Home > Nonfiction > Queen Isabella > Page 16
Queen Isabella Page 16

by Alison Weir


  Parliament was in a bullish mood when it met at Westminster on 20 March; it confirmed the Ordinances and demanded the dismissal of several more of the King’s supporters, including the Elder Despenser and Henry de Beaumont.97 On 23 February, the day before Beaumont left the King’s household, Isabella defiantly demonstrated her solidarity with her husband by including Henry de Beaumont among the guests at a feast she gave, at which several other leading royalists, including the Earls of Richmond and Norfolk, were present. Isabella de Vesci was also ejected from the court at this time, but Isabella kept in touch with her regularly by letter or messenger.98 During this period, there is no record of Isabella’s communicating with Lancaster or his supporters.99

  In April, the King himself hosted a great banquet at Westminster for the Archbishop of Canterbury and the nobility, but it was to be the last for a long time. Not only was the hall damaged by fire soon afterward, but there was also, that spring, more torrential rain and widespread flooding across Europe, which would continue unceasing until the autumn and lead to another failed harvest and the worst recorded famine in European history.
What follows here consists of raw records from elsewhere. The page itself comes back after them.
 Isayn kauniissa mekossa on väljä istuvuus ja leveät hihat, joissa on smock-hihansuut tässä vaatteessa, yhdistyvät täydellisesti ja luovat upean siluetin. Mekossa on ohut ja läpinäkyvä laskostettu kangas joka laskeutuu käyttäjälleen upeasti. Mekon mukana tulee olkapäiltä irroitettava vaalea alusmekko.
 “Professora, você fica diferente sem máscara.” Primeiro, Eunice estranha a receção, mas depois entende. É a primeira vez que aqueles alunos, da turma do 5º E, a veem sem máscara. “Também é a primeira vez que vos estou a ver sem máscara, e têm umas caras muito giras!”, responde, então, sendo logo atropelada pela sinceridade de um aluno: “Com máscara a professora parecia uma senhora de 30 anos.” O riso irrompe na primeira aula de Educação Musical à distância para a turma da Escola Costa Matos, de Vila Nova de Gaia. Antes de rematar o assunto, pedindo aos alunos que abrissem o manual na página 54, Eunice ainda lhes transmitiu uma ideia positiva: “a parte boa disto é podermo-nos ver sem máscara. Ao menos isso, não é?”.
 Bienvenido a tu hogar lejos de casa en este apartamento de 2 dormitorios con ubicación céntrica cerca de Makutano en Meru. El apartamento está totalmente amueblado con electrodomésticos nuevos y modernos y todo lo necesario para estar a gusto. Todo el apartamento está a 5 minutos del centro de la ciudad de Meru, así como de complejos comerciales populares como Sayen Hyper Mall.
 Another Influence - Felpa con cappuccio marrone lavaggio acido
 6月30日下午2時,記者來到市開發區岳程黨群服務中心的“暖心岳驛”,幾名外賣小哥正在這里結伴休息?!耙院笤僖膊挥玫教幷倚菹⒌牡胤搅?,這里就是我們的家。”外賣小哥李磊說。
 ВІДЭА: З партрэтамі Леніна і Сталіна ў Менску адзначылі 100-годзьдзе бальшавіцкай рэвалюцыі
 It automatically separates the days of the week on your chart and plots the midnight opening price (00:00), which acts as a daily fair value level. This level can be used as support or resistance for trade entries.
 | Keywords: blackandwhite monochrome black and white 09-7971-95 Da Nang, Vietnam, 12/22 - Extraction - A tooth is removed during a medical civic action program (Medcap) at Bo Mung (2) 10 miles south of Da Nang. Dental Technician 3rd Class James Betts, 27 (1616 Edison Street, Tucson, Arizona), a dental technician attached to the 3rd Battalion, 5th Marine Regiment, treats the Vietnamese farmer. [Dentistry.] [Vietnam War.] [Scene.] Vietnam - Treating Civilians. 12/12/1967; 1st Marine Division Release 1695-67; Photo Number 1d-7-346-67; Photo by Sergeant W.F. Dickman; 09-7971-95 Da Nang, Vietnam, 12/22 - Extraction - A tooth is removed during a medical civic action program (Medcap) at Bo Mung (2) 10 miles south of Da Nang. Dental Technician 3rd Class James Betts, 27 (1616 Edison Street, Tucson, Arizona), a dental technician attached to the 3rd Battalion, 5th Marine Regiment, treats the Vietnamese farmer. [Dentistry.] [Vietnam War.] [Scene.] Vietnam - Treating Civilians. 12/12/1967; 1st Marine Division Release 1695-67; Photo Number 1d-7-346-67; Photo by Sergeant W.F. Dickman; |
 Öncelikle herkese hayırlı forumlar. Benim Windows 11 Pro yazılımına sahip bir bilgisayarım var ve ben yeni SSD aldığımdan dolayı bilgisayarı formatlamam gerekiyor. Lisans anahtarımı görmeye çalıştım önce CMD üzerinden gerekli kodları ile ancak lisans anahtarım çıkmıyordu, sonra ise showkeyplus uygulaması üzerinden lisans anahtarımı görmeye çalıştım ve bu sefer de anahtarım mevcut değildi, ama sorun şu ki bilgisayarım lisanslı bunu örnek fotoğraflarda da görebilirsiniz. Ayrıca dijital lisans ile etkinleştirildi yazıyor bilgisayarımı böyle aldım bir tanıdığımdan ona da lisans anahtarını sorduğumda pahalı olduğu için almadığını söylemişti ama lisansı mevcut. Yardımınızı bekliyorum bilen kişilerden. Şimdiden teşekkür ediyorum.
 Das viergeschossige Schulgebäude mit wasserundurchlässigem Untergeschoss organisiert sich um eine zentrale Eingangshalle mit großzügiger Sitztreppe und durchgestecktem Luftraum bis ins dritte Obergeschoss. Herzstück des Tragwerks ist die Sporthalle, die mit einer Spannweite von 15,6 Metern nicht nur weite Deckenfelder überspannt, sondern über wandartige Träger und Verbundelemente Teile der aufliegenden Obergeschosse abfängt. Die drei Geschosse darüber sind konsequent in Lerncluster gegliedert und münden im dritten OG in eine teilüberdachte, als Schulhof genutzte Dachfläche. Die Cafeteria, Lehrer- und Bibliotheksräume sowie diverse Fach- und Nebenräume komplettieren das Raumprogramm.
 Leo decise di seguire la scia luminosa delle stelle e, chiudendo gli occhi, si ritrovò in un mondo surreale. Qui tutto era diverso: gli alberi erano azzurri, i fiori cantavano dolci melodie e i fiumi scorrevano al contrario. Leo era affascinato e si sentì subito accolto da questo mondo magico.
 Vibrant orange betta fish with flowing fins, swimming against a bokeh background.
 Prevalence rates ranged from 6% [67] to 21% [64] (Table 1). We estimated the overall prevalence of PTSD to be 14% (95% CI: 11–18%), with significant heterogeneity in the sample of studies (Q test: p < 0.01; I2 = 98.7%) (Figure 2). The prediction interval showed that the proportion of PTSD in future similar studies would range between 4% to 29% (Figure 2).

  To add to Edward’s troubles, there were rumors of a Scottish invasion of Ireland; at the end of April, he sent Roger Mortimer back there as Lieutenant,100 and not a moment too soon, for in May, in the interests of building up a Celtic alliance against England, Robert Bruce sent his brother Edward to free the Irish from English rule. In June, Dundalk fell to Edward Bruce, and in September, he took Ulster.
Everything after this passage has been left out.